Goal of the exercise
With the pictures left out, retype exactly the lines below starting at the line that contains "135 Calceolaria SCROPHULARIACEAE" and ending at the line that contains "800 GPM Combination".

Input for this task
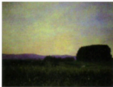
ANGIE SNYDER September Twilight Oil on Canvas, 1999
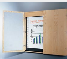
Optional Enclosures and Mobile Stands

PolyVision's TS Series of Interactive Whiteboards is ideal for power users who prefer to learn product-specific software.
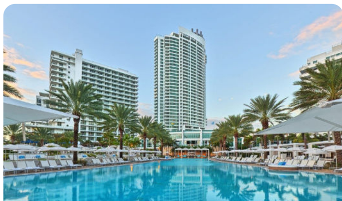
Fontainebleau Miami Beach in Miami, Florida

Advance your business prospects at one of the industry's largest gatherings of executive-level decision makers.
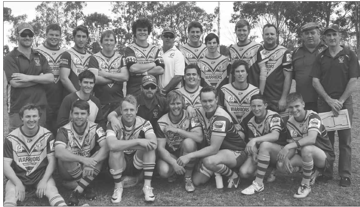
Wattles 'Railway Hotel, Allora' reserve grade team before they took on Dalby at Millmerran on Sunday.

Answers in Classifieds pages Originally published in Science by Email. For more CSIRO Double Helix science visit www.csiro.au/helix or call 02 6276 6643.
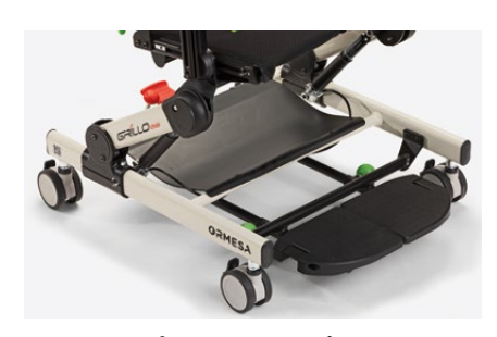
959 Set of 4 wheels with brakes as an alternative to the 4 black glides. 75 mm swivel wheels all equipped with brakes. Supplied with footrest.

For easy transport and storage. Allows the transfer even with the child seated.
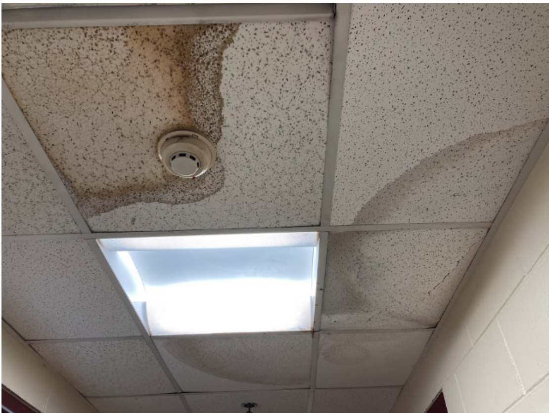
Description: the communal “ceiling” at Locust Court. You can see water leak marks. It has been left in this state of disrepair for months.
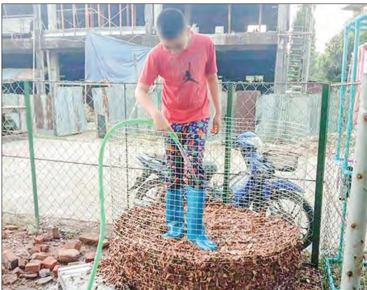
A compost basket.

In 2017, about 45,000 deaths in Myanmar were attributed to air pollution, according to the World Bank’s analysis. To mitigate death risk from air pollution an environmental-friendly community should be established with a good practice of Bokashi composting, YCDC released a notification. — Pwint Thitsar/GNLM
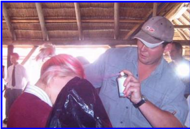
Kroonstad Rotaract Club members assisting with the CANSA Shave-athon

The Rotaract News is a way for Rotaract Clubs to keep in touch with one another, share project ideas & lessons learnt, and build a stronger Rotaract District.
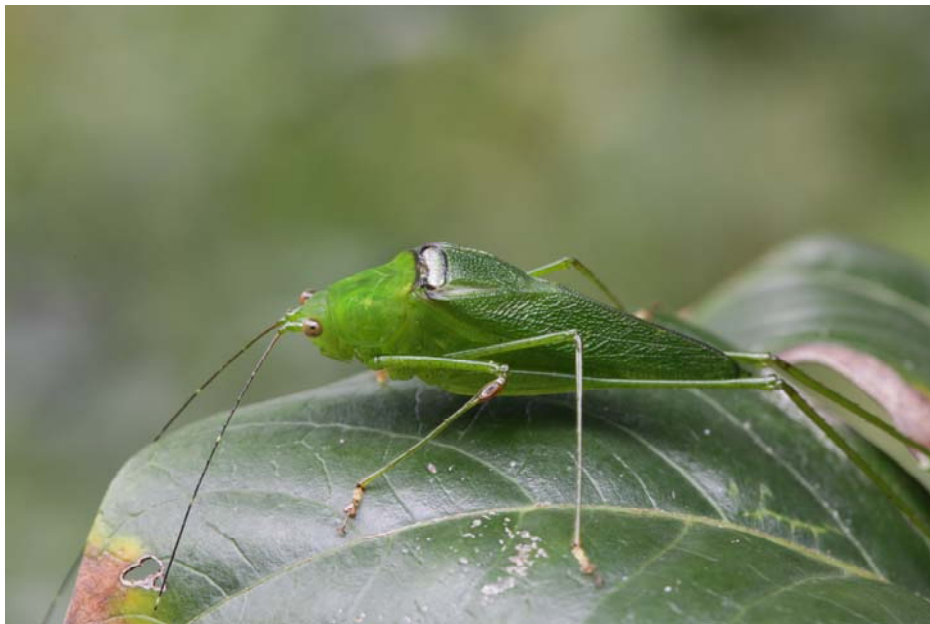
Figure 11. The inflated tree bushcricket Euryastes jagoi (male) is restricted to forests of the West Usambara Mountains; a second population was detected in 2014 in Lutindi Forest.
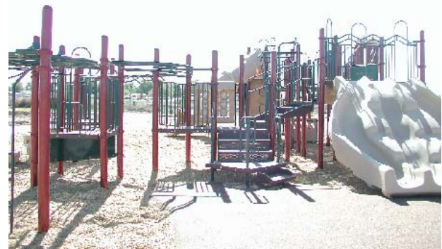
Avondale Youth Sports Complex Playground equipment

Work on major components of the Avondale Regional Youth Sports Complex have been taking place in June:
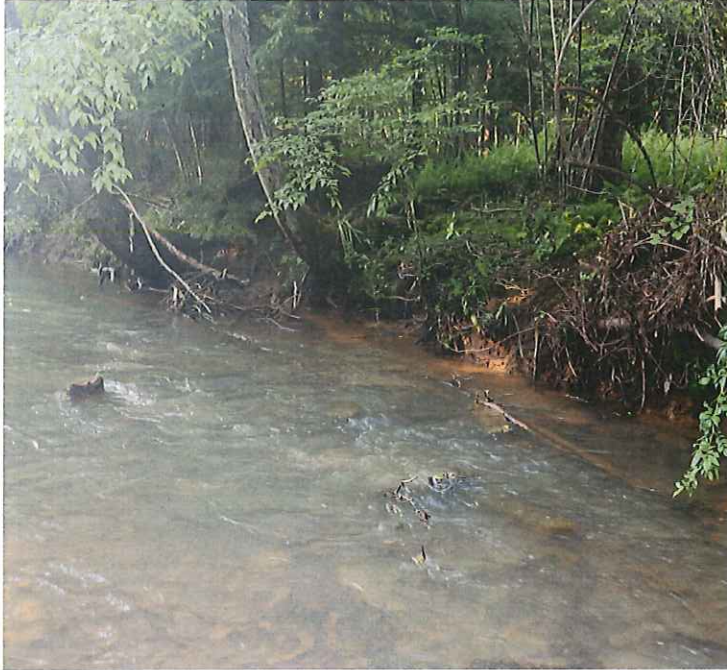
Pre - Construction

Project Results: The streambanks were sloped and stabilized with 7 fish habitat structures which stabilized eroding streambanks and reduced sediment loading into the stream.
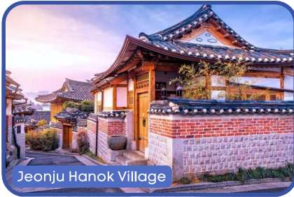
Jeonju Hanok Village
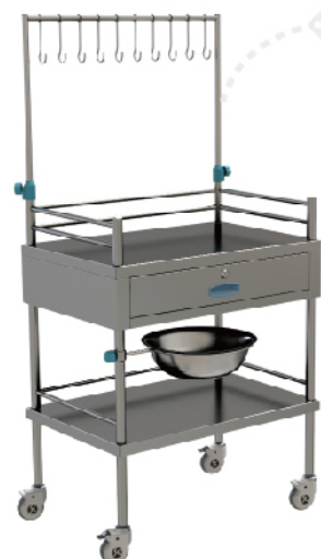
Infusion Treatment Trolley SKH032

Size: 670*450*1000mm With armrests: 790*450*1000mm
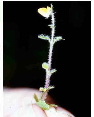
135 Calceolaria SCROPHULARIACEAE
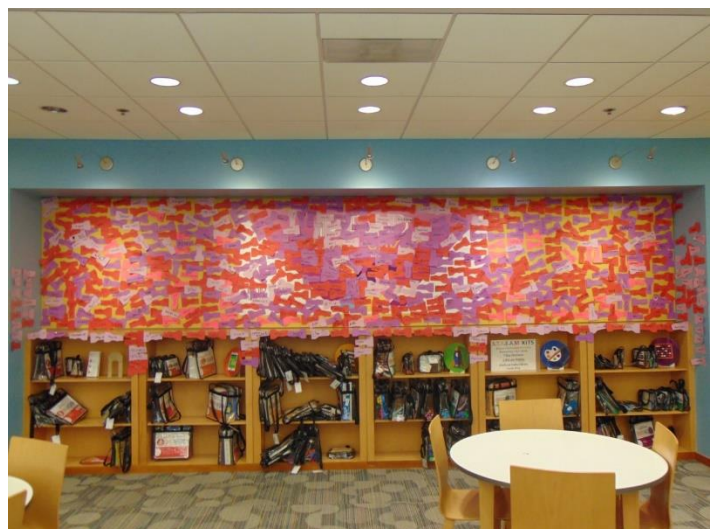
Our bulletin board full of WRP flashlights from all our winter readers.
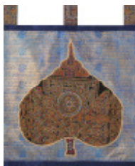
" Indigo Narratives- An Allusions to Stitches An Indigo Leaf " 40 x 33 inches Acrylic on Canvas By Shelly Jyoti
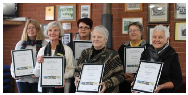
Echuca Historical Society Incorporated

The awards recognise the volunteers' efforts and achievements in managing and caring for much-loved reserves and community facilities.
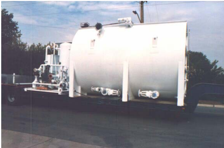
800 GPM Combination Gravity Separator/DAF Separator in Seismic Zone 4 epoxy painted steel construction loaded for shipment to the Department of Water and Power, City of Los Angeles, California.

---

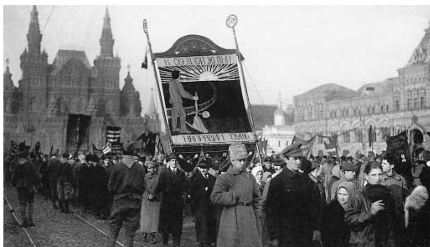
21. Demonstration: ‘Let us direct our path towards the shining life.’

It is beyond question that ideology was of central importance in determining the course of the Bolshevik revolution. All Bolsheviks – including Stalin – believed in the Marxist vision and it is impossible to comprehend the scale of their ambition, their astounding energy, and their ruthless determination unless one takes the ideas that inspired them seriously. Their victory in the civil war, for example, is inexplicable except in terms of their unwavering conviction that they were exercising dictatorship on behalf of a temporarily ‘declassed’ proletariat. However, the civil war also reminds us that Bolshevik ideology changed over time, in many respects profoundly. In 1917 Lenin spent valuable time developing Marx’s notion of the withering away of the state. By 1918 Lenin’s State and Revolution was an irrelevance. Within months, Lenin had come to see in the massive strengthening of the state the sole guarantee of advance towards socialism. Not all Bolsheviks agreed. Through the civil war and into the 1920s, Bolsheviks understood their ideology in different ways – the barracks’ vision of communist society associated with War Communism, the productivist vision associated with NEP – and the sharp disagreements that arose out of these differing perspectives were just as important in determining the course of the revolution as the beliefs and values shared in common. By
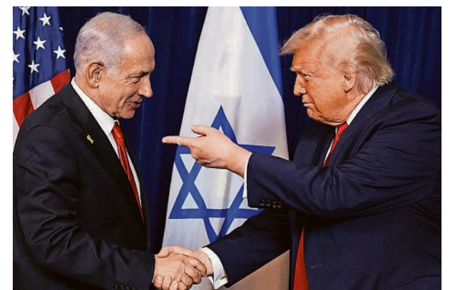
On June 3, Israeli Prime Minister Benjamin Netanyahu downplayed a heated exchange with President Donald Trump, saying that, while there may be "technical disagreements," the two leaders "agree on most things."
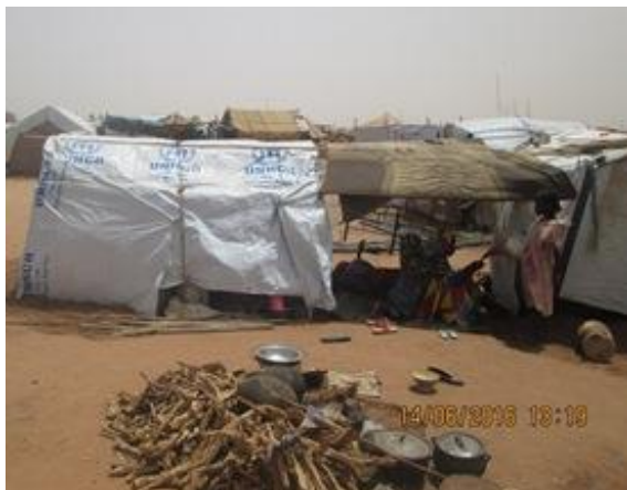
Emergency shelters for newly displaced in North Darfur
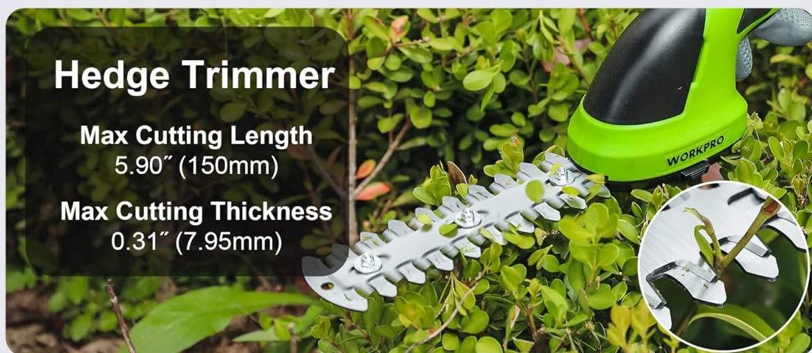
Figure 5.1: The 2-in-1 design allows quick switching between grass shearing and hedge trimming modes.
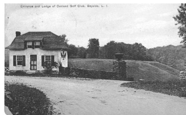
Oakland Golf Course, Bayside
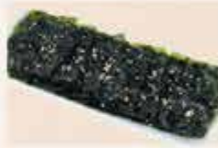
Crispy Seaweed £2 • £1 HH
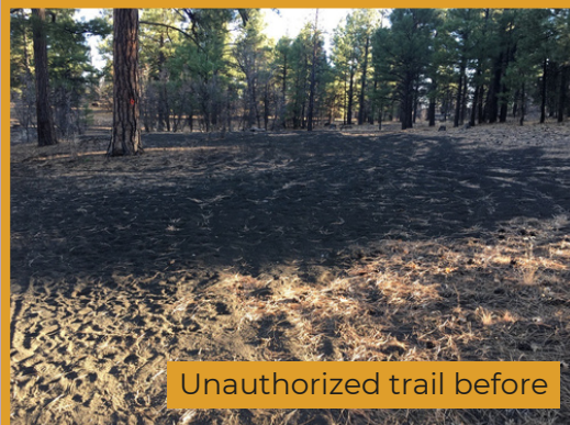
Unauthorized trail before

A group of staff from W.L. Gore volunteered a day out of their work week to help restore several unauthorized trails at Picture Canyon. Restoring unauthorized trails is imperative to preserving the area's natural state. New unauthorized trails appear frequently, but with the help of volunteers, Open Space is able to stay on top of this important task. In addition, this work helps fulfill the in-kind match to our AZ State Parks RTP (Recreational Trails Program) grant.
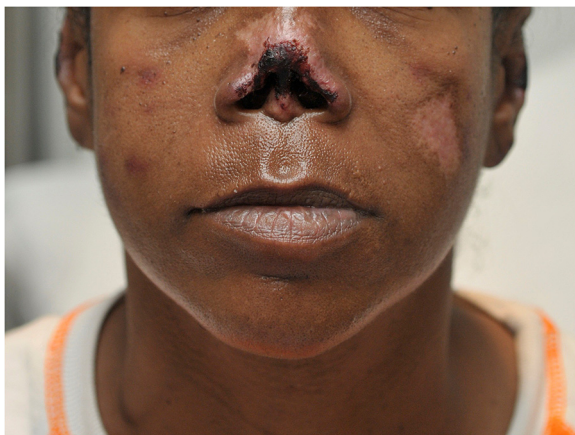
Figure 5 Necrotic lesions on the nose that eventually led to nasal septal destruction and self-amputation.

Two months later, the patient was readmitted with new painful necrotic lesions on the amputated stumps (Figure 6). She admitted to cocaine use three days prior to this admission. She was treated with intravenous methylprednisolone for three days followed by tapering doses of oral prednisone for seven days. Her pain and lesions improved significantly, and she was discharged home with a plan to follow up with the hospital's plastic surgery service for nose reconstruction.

Response
135 Calceolaria SCROPHULARIACEAE
Our bulletin board full of WRP flashlights from all our winter readers.
" Indigo Narratives- An Allusions to Stitches An Indigo Leaf " 40 x 33 inches Acrylic on Canvas By Shelly Jyoti
Echuca Historical Society Incorporated

The awards recognise the volunteers' efforts and achievements in managing and caring for much-loved reserves and community facilities.
800 GPM Combination Gravity Separator/DAF Separator in Seismic Zone 4 epoxy painted steel construction loaded for shipment to the Department of Water and Power, City of Los Angeles, California.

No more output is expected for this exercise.